Given the function: $$f(x) = x^4 - 4x - 8$$ (a) Show that there is a root of $f(x)=0$ in the interval $[-2, -1]$ - Edexcel - A-Level Maths Pure - Question 8 - 2007 - Paper 6

To find the turning point, we first compute the first derivative: $f'(x) = 4x^3 - 4$

Setting the derivative to zero to find critical points: $4x^3 - 4 = 0 \implies x^3 = 1 \implies x = 1$

Next, we find the $y$-coordinate by evaluating $f(1)$: $f(1) = 1^4 - 4(1) - 8 = 1 - 4 - 8 = -11$

Thus, the coordinates of the turning point are $(1, -11)$.

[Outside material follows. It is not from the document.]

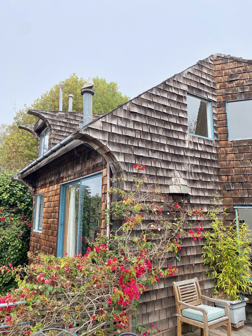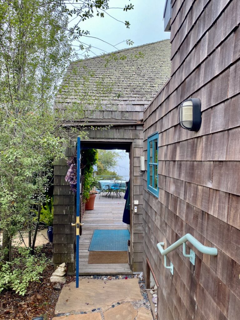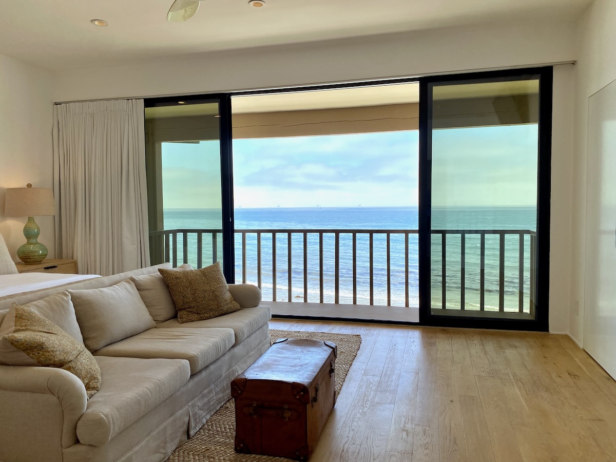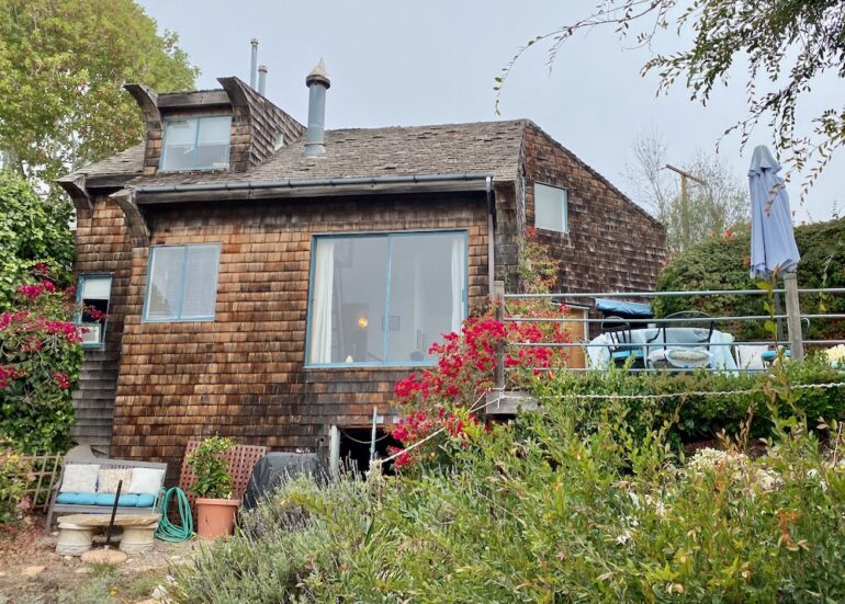 586-square-foot oceanfront cottage with seating areas farther down the bluff.

Expanding the given form: $f(x) = (x-2)(x^2 + ax^2 + bx + c) = (x - 2)(x^2 + ax^2 + bx + c) = (x - 2)(1 + a)x^2 + (b - 2c)x - 2c$

Matching coefficients with $f(x) = x^4 - 4x - 8$, we have:

• For $x^3$: $1 + a = 0 \implies a = -1$
• For $x^2$: $b - 2c = -4$
• For the constant term: $-2c = -8 \implies c = 4$ Thus, substituting $c$ back, we find $b - 8 = -4 \implies b = 4$. Therefore, $a = -1, b = 4, c = 4$.

The graph of $y = f(x)$ will have the following features:

• It intersects the $y$-axis at $-8$ (when $x=0$).
• The turning point at $(1, -11)$ is where the graph has a minimum, suggesting the graph decreases until $x=1$ and then increases afterwards.
• Roots are in the interval $[-2, -1]$ as identified earlier. The sketch would show this basic shape with appropriate curvature near the turning point and crossing the axis.

To sketch $y = |f(x)|$, reflect any part of the graph of $y = f(x)$ that is below the $x$-axis to above the $x$-axis. This implies:

• The portion of the graph between the roots will be reflected.
• The turning point $(1, -11)$ will be reflected to $(1, 11)$.

The overall shape of $y = |f(x)|$ will resemble the original graph but with all negative values flipped above the $x$-axis.